** Provided data **
━━━━

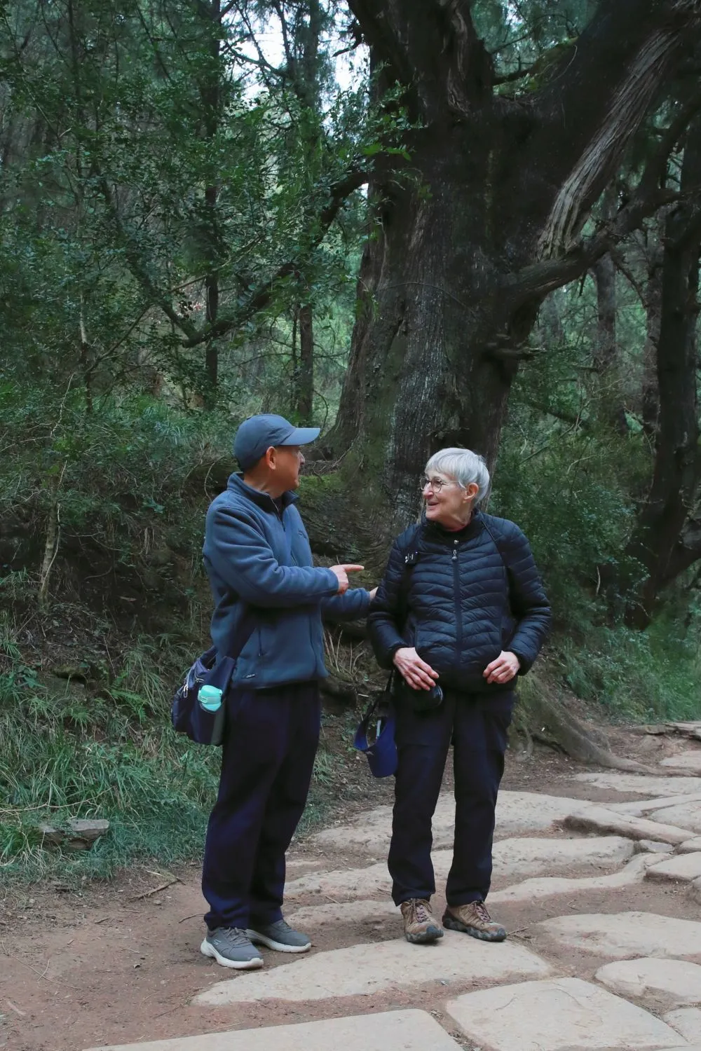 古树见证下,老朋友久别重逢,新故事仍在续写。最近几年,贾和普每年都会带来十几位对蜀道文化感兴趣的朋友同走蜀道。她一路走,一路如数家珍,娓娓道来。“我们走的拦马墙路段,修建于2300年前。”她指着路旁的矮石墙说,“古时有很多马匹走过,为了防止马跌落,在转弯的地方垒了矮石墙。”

━━━━

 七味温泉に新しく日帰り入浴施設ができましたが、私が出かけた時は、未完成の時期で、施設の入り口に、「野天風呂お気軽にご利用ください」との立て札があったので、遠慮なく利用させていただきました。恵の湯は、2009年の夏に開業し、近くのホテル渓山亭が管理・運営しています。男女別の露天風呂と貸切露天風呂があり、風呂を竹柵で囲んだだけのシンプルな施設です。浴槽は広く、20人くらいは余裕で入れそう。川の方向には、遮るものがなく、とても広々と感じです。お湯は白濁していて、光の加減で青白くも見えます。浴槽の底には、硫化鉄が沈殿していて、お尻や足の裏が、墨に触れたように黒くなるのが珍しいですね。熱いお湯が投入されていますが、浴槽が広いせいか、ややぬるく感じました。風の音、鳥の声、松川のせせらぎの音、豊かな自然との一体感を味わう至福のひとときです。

━━━━

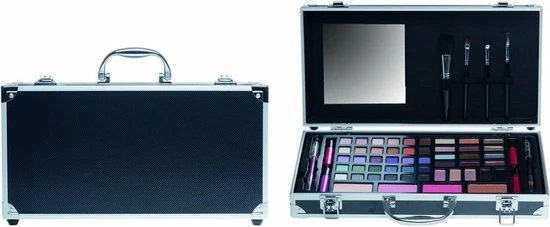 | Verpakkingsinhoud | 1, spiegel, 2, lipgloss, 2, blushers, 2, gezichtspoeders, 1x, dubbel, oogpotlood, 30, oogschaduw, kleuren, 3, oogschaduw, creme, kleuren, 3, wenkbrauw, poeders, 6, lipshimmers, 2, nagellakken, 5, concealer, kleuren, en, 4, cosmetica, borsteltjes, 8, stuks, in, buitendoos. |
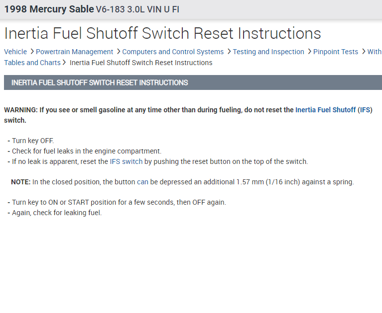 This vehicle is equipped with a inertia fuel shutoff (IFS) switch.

━━━━

** Required work **
Starting at the line containing "in, buitendoos. |" and stopping at the line containing "This vehicle is", output every line above exactly, both ends included, with pictures omitted.

** Written response **
 | Verpakkingsinhoud | 1, spiegel, 2, lipgloss, 2, blushers, 2, gezichtspoeders, 1x, dubbel, oogpotlood, 30, oogschaduw, kleuren, 3, oogschaduw, creme, kleuren, 3, wenkbrauw, poeders, 6, lipshimmers, 2, nagellakken, 5, concealer, kleuren, en, 4, cosmetica, borsteltjes, 8, stuks, in, buitendoos. |
 This vehicle is equipped with a inertia fuel shutoff (IFS) switch.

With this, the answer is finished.